START EXERCISE INPUTS

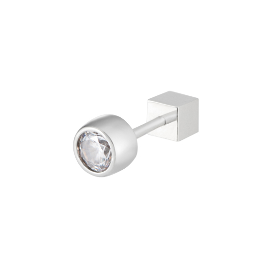 반짝이는 C.Z스톤이 모던하게 세팅되어 있는 심플하고 미니멀한 디자인으로 박스 형태의 피어리스가 포인트인 피어싱입니다.
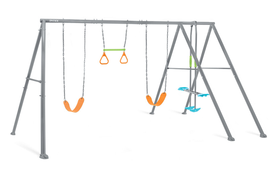 Игровой комплекс Intex 44131 изготовлены из качественного композитного материала, металл и пластик.
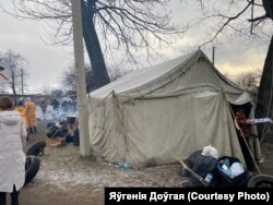 «Я адразу дастала ўсе дакумэнты пра мае затрыманьні, стала гучна казаць: „Я ў 2020-м зьехала, вось што са мной зрабіў Лукашэнка“. Прачытала свае дакумэнты памежніку, ён паставіў штамп у пашпарт. Польскую мяжу мы прайшлі адразу. Памежнікі сталі ўхутваць Сашку ў коўдру, даваць цёплую ежу, бутэрброды, гарбату, какаву. Вельмі шмат валянтэраў стаяла. Але агулам да беларусаў рэзка сталі дрэнна ставіцца. Я ня ведаю, як мы адмыемся. Украінцы не разумеюць, як так, чаму ад нас гэта ляціць. Я тлумачыла, што ў нас два гады тэрору, і што людзі выйшлі на выходных — гэта подзьвіг. Але яны не разумеюць абсалютна», — кажа Яўгенія.
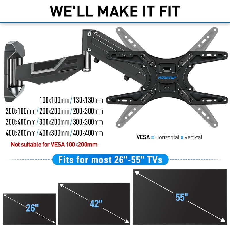 - TV Wall Mount Compatibility: The full motion TV brackets fits most 26-55 inch LED/LCD TVs and large monitors, with 11- 66 lbs. MAX loading and VESA pattern from 100x100 mm to 400x400 mm. This articulating television wall mount is designed for single wood studs or concrete/brick walls and is compatible with TCL, SAMSUNG, LG, VIZIO, SONY, HISENSE, and other TV brands.
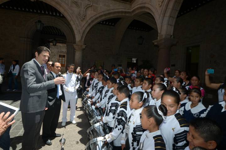 NOTICIAS 16/06/2016Convive Alfonso con niños de la Banda de Guerra "Águilas Michoacán"En el municipio se necesitan niños y jóvenes que destaquen en actividades educativas, cívicas, culturales o deportivas que los motiven para ser mejores personas en el futuro, así se pronunció el Alcalde de Morelia, Alfonso Martínez Alcázar, al recibir a los niños integrantes de la Banda de Guerrera "Águilas Michoacán" de la Escuela Primaria "Benito Juárez", provenientes de la comunidad de La Aldea.
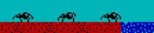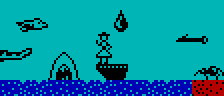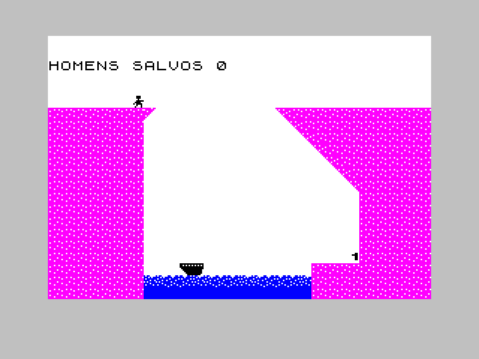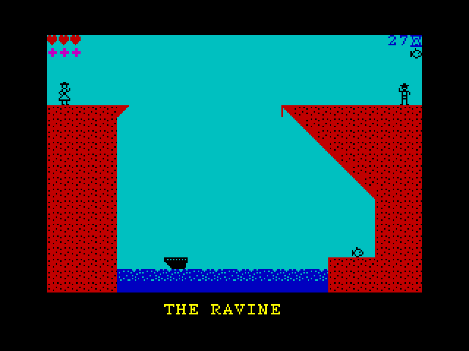 In the original Ravina, the gameplay was very simple, with a single-screen layout. The player had to descend into the ravine to reach a boat, jump to the opposite bank, and collect a jet pack. After returning to the boat, the player would wait until it was positioned below the opposite side of the ravine from where the game started, and then activate the jet pack to complete the objective. The controls are: 5 - go left, 6 - go down, 7 - go up, and 8 - go right.
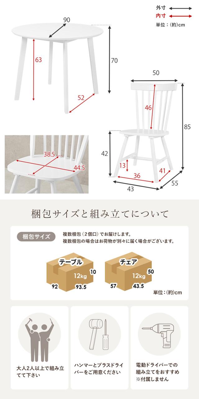 テーブル:(約)幅90×奥行90×高さ70cm、チェア:(約)幅50×奥行55×高さ85×座面高42cm
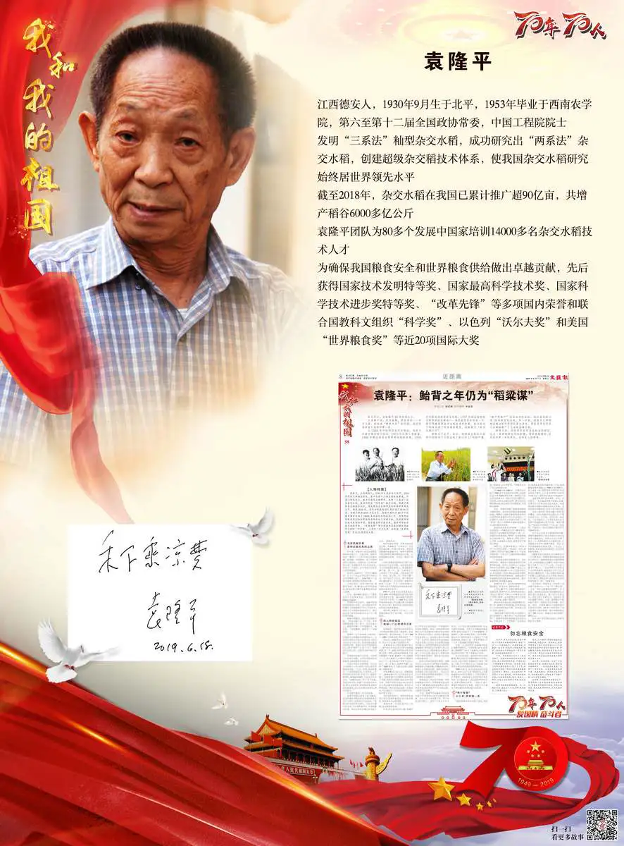 有为了“让杂交水稻造福老百姓、造福人类”奋斗一辈子的“共和国勋章”获得者袁隆平。上世纪60年代,当他开始探索杂交水稻之路时,是一所普通中等农校——安江农校的教师。袁隆平每天头顶烈日、脚踩水田,行走在千千万万株稻穗间,终于创建了超级杂交稻技术体系,为我国粮食安全、农业科学发展和世界粮食供给作出杰出贡献。
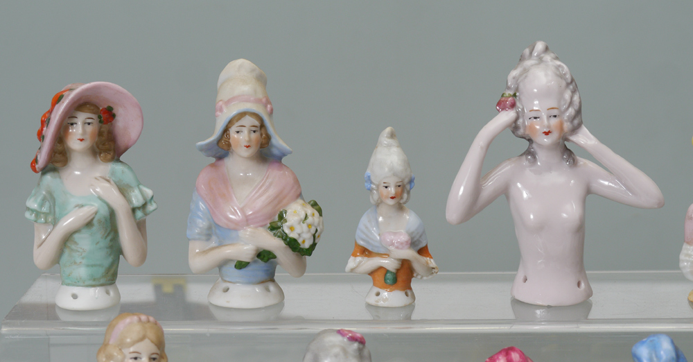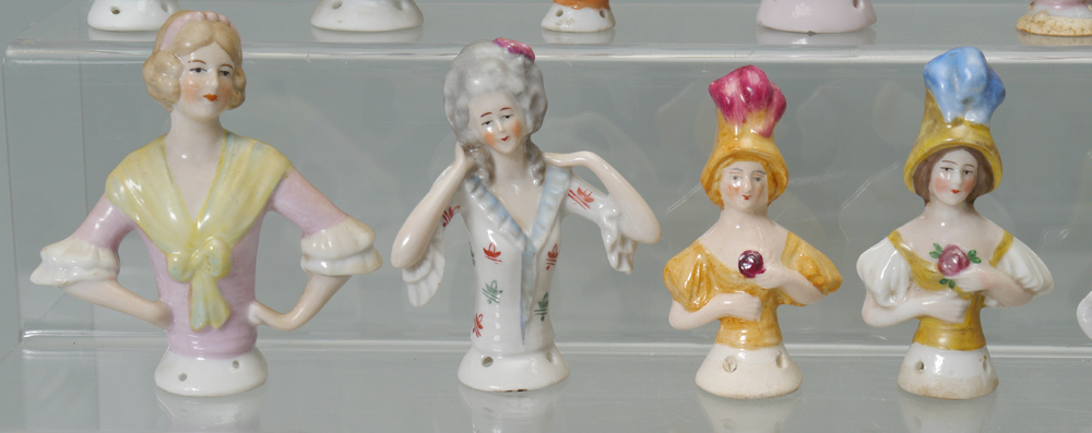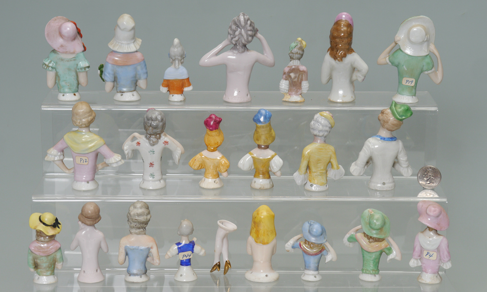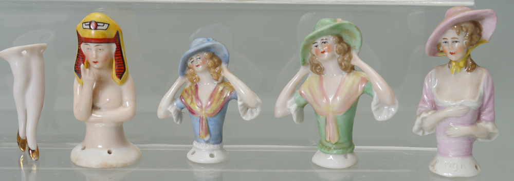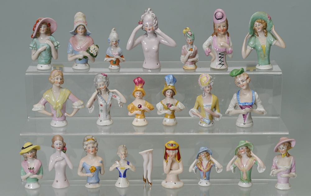 PORCELAIN HALF DOLLS: Part of an estate collection of porcelain pin cushion half dolls. Approx. 22 pieces, some marked Germany, Foreign, and impressed numbers. Measures from 2 1/4'' - 3 3/4''.
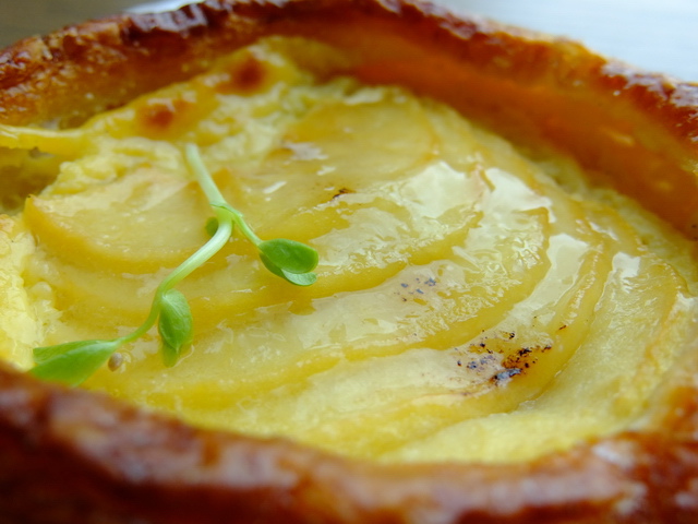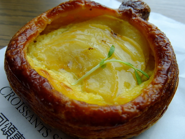 法式蘋果可頌:外層的酥脆,挾著蘋果卡士達醬內層的酸甜滋味,可是讓葉子回味多次,有時會先帶回家冰著,冰著吃的滋味也不差喲!
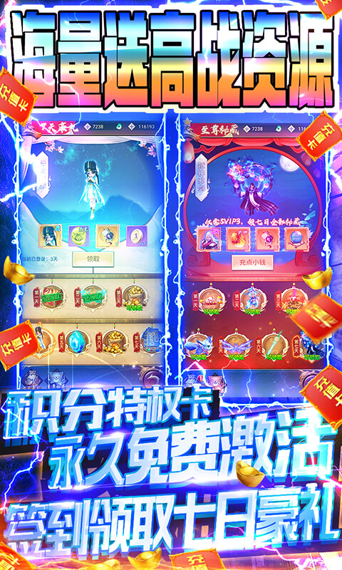 1.充值卡无限送,登录免费赠svip2,次日svip6,十日svip10,免费满svip不是梦
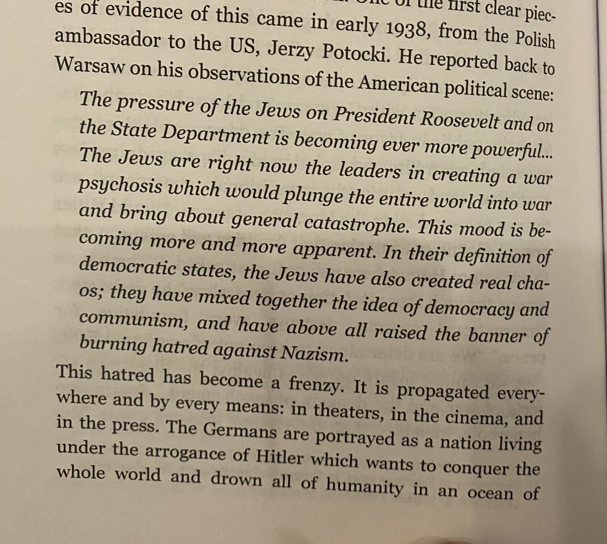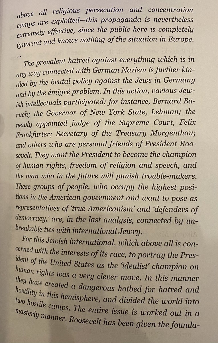 While the US wished to remain isolationist, and had a large amount of pro German sentiment as well, Roosevelt did his best to tip toe around war, and never openly advocate for it. This however was mostly a facade. Roosevelt clearly was looking for a way to get into the war, and he did assist the Allies early on even while giving the image of being “neutral.” The Jewish influence on Roosevelt and his administration was immense. Some of the influential Jews that helped Roosevelt destroy the idea of the US with the New deal were Louis Brandeis, Felix Frankfurter, Henry Morganthau jr., Sam Rosenman and Ben Cohen. FDR also had long standing financial and vocal support from his days as New York Governor. Some of the best early evidence on the American Jews and their influence leading America into World war 2 come from polish diplomat Jerzy Potocki. “The pressure of the News on president Roosevelt and the state department is becoming ever more powerful.” 🧵 15/19

END EXERCISE INPUTS

TASK TO CARRY OUT
Write the listing out in full, exactly; no images.

FINISHED TASK
 반짝이는 C.Z스톤이 모던하게 세팅되어 있는 심플하고 미니멀한 디자인으로 박스 형태의 피어리스가 포인트인 피어싱입니다.
 Игровой комплекс Intex 44131 изготовлены из качественного композитного материала, металл и пластик.
 «Я адразу дастала ўсе дакумэнты пра мае затрыманьні, стала гучна казаць: „Я ў 2020-м зьехала, вось што са мной зрабіў Лукашэнка“. Прачытала свае дакумэнты памежніку, ён паставіў штамп у пашпарт. Польскую мяжу мы прайшлі адразу. Памежнікі сталі ўхутваць Сашку ў коўдру, даваць цёплую ежу, бутэрброды, гарбату, какаву. Вельмі шмат валянтэраў стаяла. Але агулам да беларусаў рэзка сталі дрэнна ставіцца. Я ня ведаю, як мы адмыемся. Украінцы не разумеюць, як так, чаму ад нас гэта ляціць. Я тлумачыла, што ў нас два гады тэрору, і што людзі выйшлі на выходных — гэта подзьвіг. Але яны не разумеюць абсалютна», — кажа Яўгенія.
 - TV Wall Mount Compatibility: The full motion TV brackets fits most 26-55 inch LED/LCD TVs and large monitors, with 11- 66 lbs. MAX loading and VESA pattern from 100x100 mm to 400x400 mm. This articulating television wall mount is designed for single wood studs or concrete/brick walls and is compatible with TCL, SAMSUNG, LG, VIZIO, SONY, HISENSE, and other TV brands.
 NOTICIAS 16/06/2016Convive Alfonso con niños de la Banda de Guerra "Águilas Michoacán"En el municipio se necesitan niños y jóvenes que destaquen en actividades educativas, cívicas, culturales o deportivas que los motiven para ser mejores personas en el futuro, así se pronunció el Alcalde de Morelia, Alfonso Martínez Alcázar, al recibir a los niños integrantes de la Banda de Guerrera "Águilas Michoacán" de la Escuela Primaria "Benito Juárez", provenientes de la comunidad de La Aldea.
 In the original Ravina, the gameplay was very simple, with a single-screen layout. The player had to descend into the ravine to reach a boat, jump to the opposite bank, and collect a jet pack. After returning to the boat, the player would wait until it was positioned below the opposite side of the ravine from where the game started, and then activate the jet pack to complete the objective. The controls are: 5 - go left, 6 - go down, 7 - go up, and 8 - go right.
 テーブル:(約)幅90×奥行90×高さ70cm、チェア:(約)幅50×奥行55×高さ85×座面高42cm
 有为了“让杂交水稻造福老百姓、造福人类”奋斗一辈子的“共和国勋章”获得者袁隆平。上世纪60年代,当他开始探索杂交水稻之路时,是一所普通中等农校——安江农校的教师。袁隆平每天头顶烈日、脚踩水田,行走在千千万万株稻穗间,终于创建了超级杂交稻技术体系,为我国粮食安全、农业科学发展和世界粮食供给作出杰出贡献。
 PORCELAIN HALF DOLLS: Part of an estate collection of porcelain pin cushion half dolls. Approx. 22 pieces, some marked Germany, Foreign, and impressed numbers. Measures from 2 1/4'' - 3 3/4''.
 法式蘋果可頌:外層的酥脆,挾著蘋果卡士達醬內層的酸甜滋味,可是讓葉子回味多次,有時會先帶回家冰著,冰著吃的滋味也不差喲!
 1.充值卡无限送,登录免费赠svip2,次日svip6,十日svip10,免费满svip不是梦
 While the US wished to remain isolationist, and had a large amount of pro German sentiment as well, Roosevelt did his best to tip toe around war, and never openly advocate for it. This however was mostly a facade. Roosevelt clearly was looking for a way to get into the war, and he did assist the Allies early on even while giving the image of being “neutral.” The Jewish influence on Roosevelt and his administration was immense. Some of the influential Jews that helped Roosevelt destroy the idea of the US with the New deal were Louis Brandeis, Felix Frankfurter, Henry Morganthau jr., Sam Rosenman and Ben Cohen. FDR also had long standing financial and vocal support from his days as New York Governor. Some of the best early evidence on the American Jews and their influence leading America into World war 2 come from polish diplomat Jerzy Potocki. “The pressure of the News on president Roosevelt and the state department is becoming ever more powerful.” 🧵 15/19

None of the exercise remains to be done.